How can you improve your own well-being? Here are five non-intuitive lifestyle tweaks that can dramatically improve your life –Laugh more, meditate, learn to forgive and let go, connect with nature, and get your hormones checked for goodness sake!
Let me explain:
1. Laugh, no joke! I’ve met people that simply don’t laugh, smile or have a sense of humor. That is stressful to the mind and body since laughter and smiling have been researched and correlated with stronger immunity and better mental health. This is why I have prescribed comedies to patients over the years or have them practice smile therapy by looking into the mirror for 10 minutes daily and forcing themselves to smile. You cannot be in a bad mood when you’re smiling, unless you’re the Joker. Now I have you laughing!
2. Meditate. This has become more prevalent in our culture in recent decades after it has been practiced for centuries in India and other Asian cultures. Meditation doesn’t mean shaving your head and wearing a bright orange robe either. My wife went to Thailand years ago wanting to learn how to calm her overactive brain. She met with a young monk wearing a robe and shaven head. Luckily, my wife came back with her hair, but still was at a loss about meditation. I meditate by being still in a quiet place whether it’s in my bathroom, backyard, playing gong/relaxing music (not gangsta rap) or just lying in bed. I give myself those moments to release negativity from the day by focusing on a positive thought — peace, joy, laughter, nothingness — for a few minutes. This quiet action helps reduce blood pressure, blood sugars and cortisol to lower our mental and physical stress. You don’t need a mat, beard or robe, just a quiet space outdoors, indoors or wherever, to be alone daily to push that delete button in our mind. My wife finally found her meditation in cooking, her “ashram” is in the kitchen and her incense is the aroma of basil. Find your meditative place and feel yourself experiencing more joy.
3. Forgiveness and letting go. This is BIG! If you think kale and Pilates is important, letting go of past grievances, hatred, grudges, emotional toxins, everything that keeps our hearts and heads calloused with anger toward family members, friends, colleagues, whomever, letting your soul detox will dramatically improve your wellbeing. How can it not?
Our mind is connected to our body. I have seen in my own family and patients, who hold on to toxic thoughts and emotional baggage, suffer from physical maladies that never seem to end. Forgiveness can be practiced in solitude without any form of confrontation. It has helped me reconcile past misgivings and toxic relationships. Thinking of the people in my life that I harbored bad feelings for, I would repeat in my head daily “I forgive you so and so…” until I no longer felt a negative connection.

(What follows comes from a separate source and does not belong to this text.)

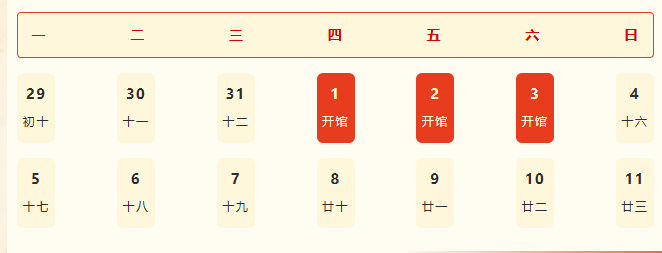 根据《国务院办公厅关于2026年部分节假日安排的通知》精神,结合我馆实际,2026年元旦假期开放安排如下:延时至17:30闭馆,16:30停止入馆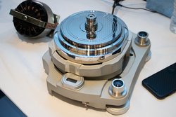 このモーターは、高精度メタルベアリングとエアーベアリングにより面振れが数ミクロン以内という高精密回転を実現。そして、フライホイール効果による高イナーシャ、エアーベアリング効果による高S/Nなプラッター駆動を可能とした。

Over time, you start to feel lighter and more positive. Negative feelings affect our health that not kale nor any exercise routine can fix. We need to allow ourselves to let go of toxic thoughts and feelings because they harm us more than the person on the other end. Lastly, forgiveness doesn’t mean having to restart a relationship with that particular person, it just means you no longer allow that person to ruin your day or health.
4. Connect with nature. This means putting your electronic devices down and surrounding yourself with a view of the mountains, the smell of your garden, a walk among nature, a trip to the beach (when possible), anything that gets you out of your walls and away from your car or computer monitor.
I believe that our digital life has detached us from the benefits of being outdoors. We are more enclosed than ever with virtual worlds rather than experiencing the energy of the universe available to us outside. The more detached we are from nature, the more detached we are from health. Make it a point to disconnect from your digital life to reconnect with the energy outside. And do this daily.
5. Check your hormones: Hormones become disrupted by processed foods, which contain what are known as endocrine destructive chemicals, stress and lack of sleep. Our hormones get hijacked from all these factors which then make us tired, fat, unmotivated, emasculated if you’re a man, and depressed.
In my practice, I have seen younger and younger men with low testosterone, in their 30’s, from eating poorly, noticing less muscle, more body fat, decreased libido, anxiety, man boobs and even depression. Menopause and andropause affect people differently but the key is to get your levels evaluated by a wellness healthcare provider to help you reach physiologic normal levels with BHRT (bio-identical hormone replacement therapy), or nutritional counseling to help you normalize your hormones like testosterone, thyroid and cortisol to find physiologic balance to help reverse symptoms and prevent disease like osteoporosis, cancer and diabetes.